Why is it so difficult to find items of interest on the Internet or the World Wide Web? A number of well-designed locator services, such as Lycos [http://lycos.cs.cmu.edu/] , are now available that automatically index many of the resources available on the Web and maintain up-to-date databases of locations. But indexes are most useful in small collections within a given domain. As the scope of their coverage expands, indexes succumb to problems of large retrieval sets and problems of cross disciplinary semantic drift. Richer records, created by content experts, are necessary to improve search and retrieval. Formal standards such as the TEI Header and MARC cataloging) will provide the necessary richness, but such records are time consuming to create and maintain, and hence may be created for only the most important resources.

An alternative solution that promises to mediate these extremes involves the creation of a record that is more informative than an index entry but is less complete than a formal cataloging record. If only a small amount of human effort were required to create such records, more objects could be described, especially if the author of the resource could be encouraged to create the description. And if the description followed an established standard, only the creation of the record would require human intervention; automated tools could discover these descriptions and collect them.

Can a simple metadata record be defined that sufficiently describes a wide range of electronic objects? The Online Computer Library Center (OCLC) and the National Center for Supercomputing Applications (NCSA) convened the invitational Metadata Workshop on March 1-3, 1995, in Dublin, Ohio to address this issue. Fifty-two librarians, archivists, humanities scholars and geographers, as well as standards makers in the Internet, Z39.50 and Standard Generalized Markup Language (SGML) communities, met to identify the scope of the problem, to achieve consensus on a list of metadata elements that would yield simple descriptions of data in a wide range of subject areas, and to lay the groundwork for achieving further progress in the definition of metadata elements that describe electronic information.

Goals

Goals of the workshop included fostering a common understanding of the problems and potential solutions among the stakeholders and promoting a consensus on a core set of metadata elements to describe networked resources.

Scope

Since the Internet contains more information than professional abstractors, indexers and catalogers can manage using existing methods and systems, it was agreed that a reasonable alternative way to obtain usable metadata for electronic resources is to give authors and information providers a means to describe the resources themselves. The major task of the Metadata Workshop was to identify and define a simple set of elements for describing networked electronic resources. To make this task manageable, it was limited in two ways. First, only those elements necessary for the discovery of the resource were considered. It was believed that resource discovery is the most pressing need that metadata can satisfy, and one that would have to be satisfied regardless of the subject matter or internal complexity of the object.

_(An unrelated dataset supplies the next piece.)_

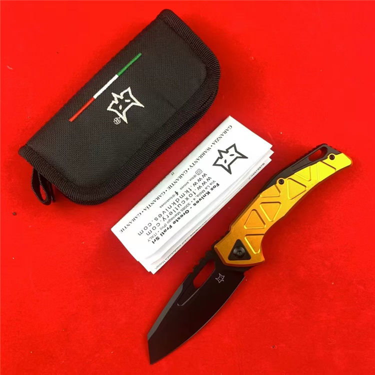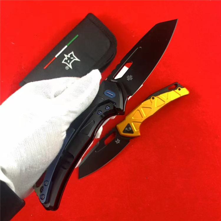 狐狸FX552ALBR折刀 全长:20cm 刃长:8.6cm 刃厚:4mm 柄长:11.4cm 刃宽:3.3cm 柄材:7071航空铝 硬度:62-64HRC 重量:123g 净重:196g(含包装) 工艺:涂层,黑钛,CNC电脑锣精密加工制作

Secondly, the discussion was further restricted to the metadata elements required for the discovery of what were called document-like objects, or DLOs by the workshop participants. It was believed that DLOs are still the most common type of resource sought in the Internet and that whatever solution could be proposed for DLOs could be extended to other kinds of resources. More importantly, the likelihood of making progress on this challenging problem would be increased if attention could initially be restricted to something familiar.

DLOs were not rigorously defined, but were understood by example. For example, an electronic version of a newspaper article or a dictionary is a DLO, while an unannotated collection of slides is not. Of course, the crux of the problem is that in a networked environment, DLOs can be arbitrarily complex because they can consist of text with callouts to images, audio or video clips, or to other hypertext documents. The Metadata Workshop participants made no attempt to limit the complexity of DLOs, except to say that the intellectual content of a DLO is primarily text, and that the metadata required for describing DLOs will bear a strong resemblance to the metadata that describes traditional printed texts.

As a result of the restricted focus of the workshop, certain issues required for a complete description of DLOs, such as cost, archival status and copyright information, were eliminated from the scope of the discussion. Elements required for the description of objects other than DLOs, such as the elements required for the description of complex geological strata in a geospatial resource, were also beyond the scope of the discussion. The goal was to define a core set of metadata elements that would allow authors and information providers to describe their work and to facilitate interoperability among resource discovery tools. But because the core elements do not yield a complete description of objects in a networked environment, careful consideration was also given to mechanisms for extending the element set.

The primary deliverable from the workshop was a set of thirteen metadata elements, named the Dublin Core Metadata Element Set (or Dublin Core, for short). The Dublin Core was proposed as the minimum number of metadata elements required to facilitate the discovery of document-like objects in a networked environment such as the Internet. The syntax was deliberately left unspecified as an implementation detail. The semantics of these elements was intended to be clear enough to be understood by a wide range of users.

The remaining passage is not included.